When they are working outside the United States, most US citizens and permanent residents (i.e., green card holders) will be required to file income tax returns in both their Host country and in the United States. Filing two sets of returns can be a headache for the taxpayer, but it does not necessarily mean that they will be taxed twice on the income earned while working abroad.
It may seem counterintuitive to a US citizen or permanent resident (i.e., a green card holder) who has just taken a new international job, that most will still be required to file US federal income tax returns after relocating. In addition to filing income tax returns, mobile employees may also have other filing obligations including estate or gift tax returns, estimated tax payments, and foreign bank account reports.
If you have employees working outside the United States who are US citizens or permanent residents (i.e., a green card holder), these individuals will need to continue filing US tax returns to declare all of the income they earn in both the United States and their Host country. This requirement does not change if they are employed or paid from a non-US employer. Additionally, most of the tax rules that apply to taxpayers living in the United States will also apply to US persons operating overseas. The result may be that an overseas employee will be subject to tax in both the US and other jurisdictions.

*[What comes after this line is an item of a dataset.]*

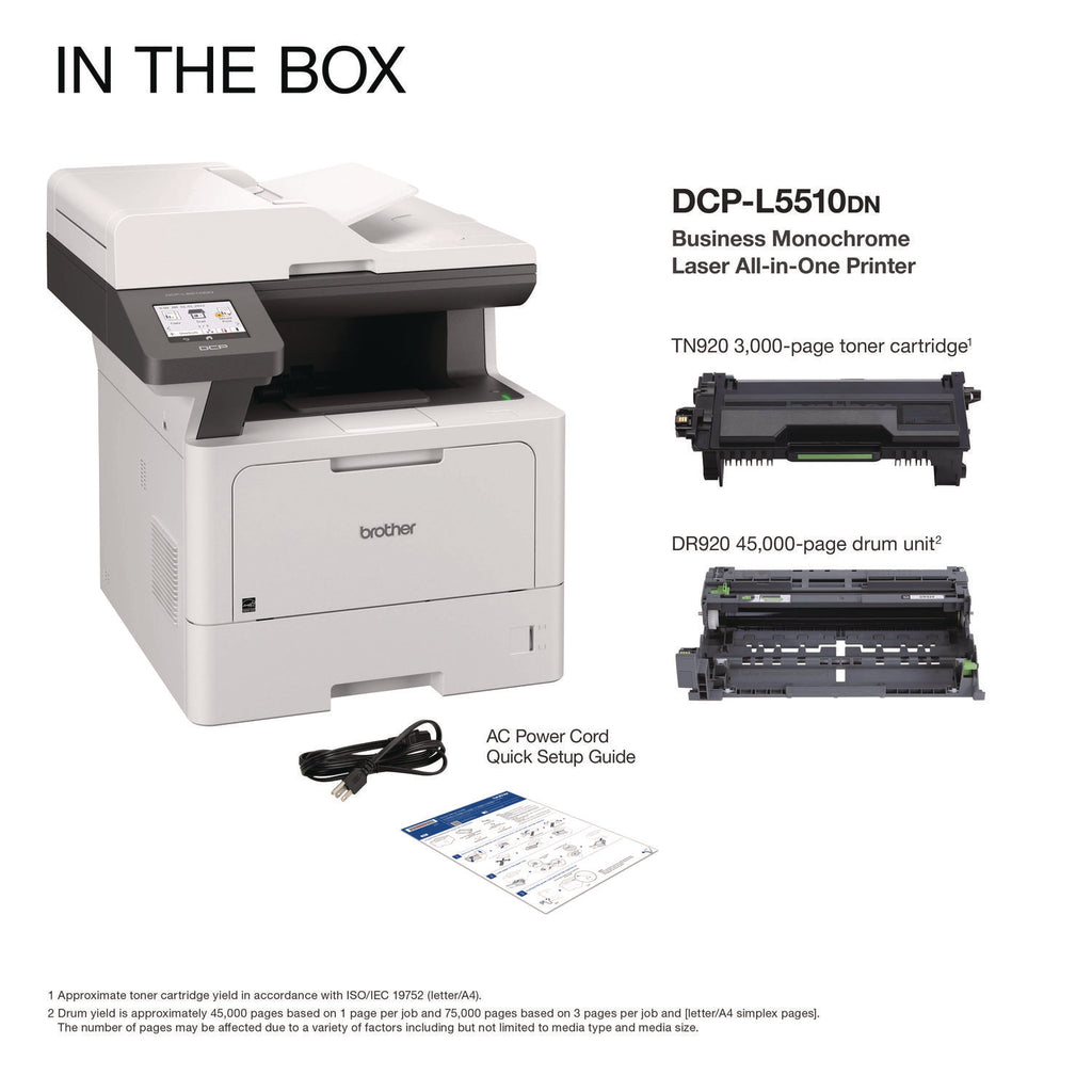 A great choice for busy offices and small workgroups that need cost-efficient printing, versatile paper handling, advanced security features, and reliable output. Helps to increase productivity with fast printing and copying up to 48 ppm. Delivers cost-efficient printing by using the Brother Genuine TN920XXL super high-yield replacement toner cartridge. Multi-page scanning. Scan to popular destinations directly from the touchscreen display. Triple Layer Security features help to limit document and device access and protect against network intrusions. Expandable paper capacity. Gigabit Ethernet interface. Easily print from and scan to mobile devices.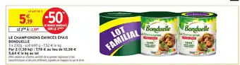 Actuellement, BONDUELLE Le champignons émincés épais est en promotion chez Intermarché Contact. Toutes les informations utiles comme le prix, les conditions et la durée de validité sont affichées sur cette page. Consultez également les promotions similaires pour BONDUELLE Le champignons émincés épais, afin de faire le meilleur choix. La promo BONDUELLE Le champignons émincés épais est valable du 21-04-2026 au 03-05-2026. Si elle est expirée, regardez les autres offres équivalentes. Vous pouvez aussi suivre cette catégorie de produit pour être alerté lorsqu’une nouvelle promotion BONDUELLE Le champignons émincés épais apparaît chez Intermarché Contact.Questions fréquemment posées au sujet de BONDUELLE Le champignons émincés épais

Most companies recognize that sending an employee overseas for a long-term assignment or permanent relocation can create a broad range of issues for both the employee and employer. Those companies are aware that they will likely need to provide the mobile employee with assistance in addressing such issues as visas, work permits, and travel and relocation expenses. The fact that the employee and employer are likely facing a new tax environment following the move is sometimes unknown or may even be kicked down the road to be dealt with after the other issues have been resolved.